ということで、もう素数判定のメソッドも自分で実装することにします。
require "prime" def is_prime(num, p_array) p_array.each do |x| q, r = num.divmod(x) return false if r == 0 return true if q < x end end val = 20000000 cnt = 0 prime_array = Prime.each(Math.sqrt(21000000).to_i).to_a loop do cnt += 1 if is_prime(val, prime_array) val += 1 break if val > 21000000 end puts cnt#=>59336
こちらも正しい結果が返ってきました。コードは少し長くなりましたが、標準のメソッドに本来想定してないものを渡してるかも?という気持ち悪さは解消できたと思います。
処理時間計測
今までの処理をベンチマークで計測してみます。
require "prime" require 'benchmark' def is_prime(num, p_array) p_array.each do |x| q, r = num.divmod(x) return false if r == 0 return true if q < x end end Benchmark.bm 10 do |x| #単純な実装版 x.report "prime_1" do val = 20000000 cnt = 0 loop do cnt += 1 if Prime.prime?(val) val += 1 break if val > 21000000 end #puts cnt end #prime?に素数配列を渡す版 x.report "prime_2" do val = 20000000 cnt = 0 prime_array = Prime.each(Math.sqrt(21000000).to_i).to_a loop do cnt += 1 if Prime.prime?(val, prime_array) val += 1 break if val > 21000000 end #puts cnt end #判定処理自作版 x.report "prime_3" do val = 20000000 cnt = 0 prime_array = Prime.each(Math.sqrt(21000000).to_i).to_a loop do cnt += 1 if is_prime(val, prime_array) val += 1 break if val > 21000000 end #puts cnt end end
結果
user system total real prime_1 25.912000 0.000000 25.912000 ( 25.980192) prime_2 7.238000 0.000000 7.238000 ( 7.253440) prime_3 6.911000 0.000000 6.911000 ( 6.908018)

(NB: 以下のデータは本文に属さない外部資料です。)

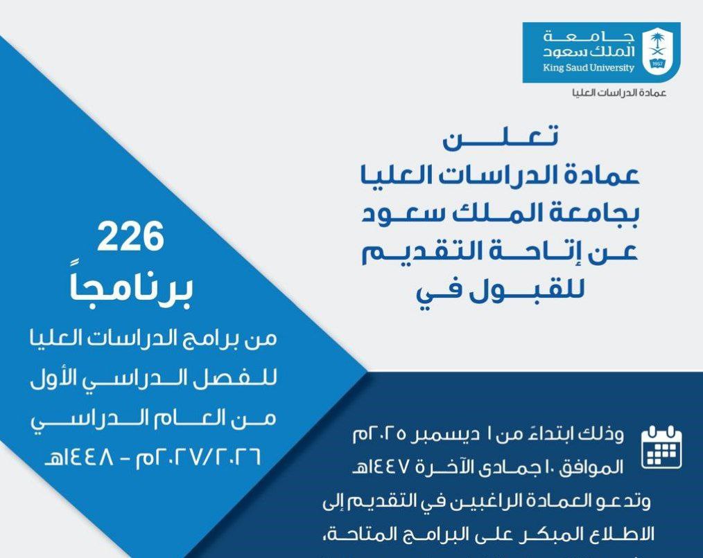 أعلنت جامعة الملك سعود مُمثلة في عمادة الدراسات العليا عن قرب إتاحة التقديم على (226) برنامجاً من برامج الدراسات العليا للفصل الدراسي الأول من العام الدراسي 1448هـ (2026/2027م)، وذلك ابتداءً من 1 ديسمبر 2025م، وذلك وفقاً للتفاصيل الموضحة أدناه.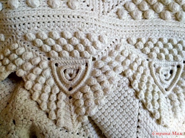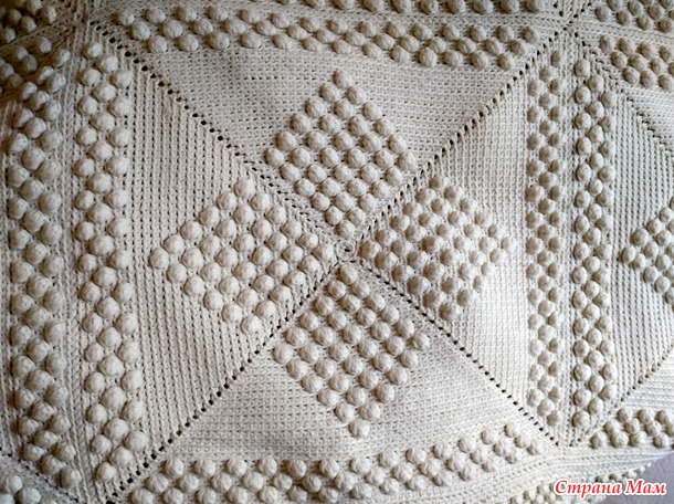 К сожалению, не получается сфотографировать его целиком, только фрагменты. Размер покрывала 1,5х2 м. Связано очень плотно из толстого хлопка. Очень тяжелое.

単純な実装版より、判定処理の自作版の方が3倍以上の効率で処理できました。
まとめ
今回は、標準のメソッドを使わずに自作で判定処理を実装することで処理効率を劇的に上げることが出来ました。
だだ、今回のケースでは以下のような前提条件が揃っているので自作の判定処理の効率の良さが出たと思います。
- 判定する数の最大値が予め予測できる事
- 繰り返しの数が多いこと
- 判定する素数の値自体が大きい数でること
判定する数の最大値が高々1,000程度だったり、判定する回数が数十回程度のケースではわざわざ処理を自作して効率を求めるよりは、コードの可読性という観点からすると標準のメソッドを素直に利用したほうが良いのかもしれません。
というわけで、今回は処理効率を上げる為にはこんな方法もありますよーというお話でした。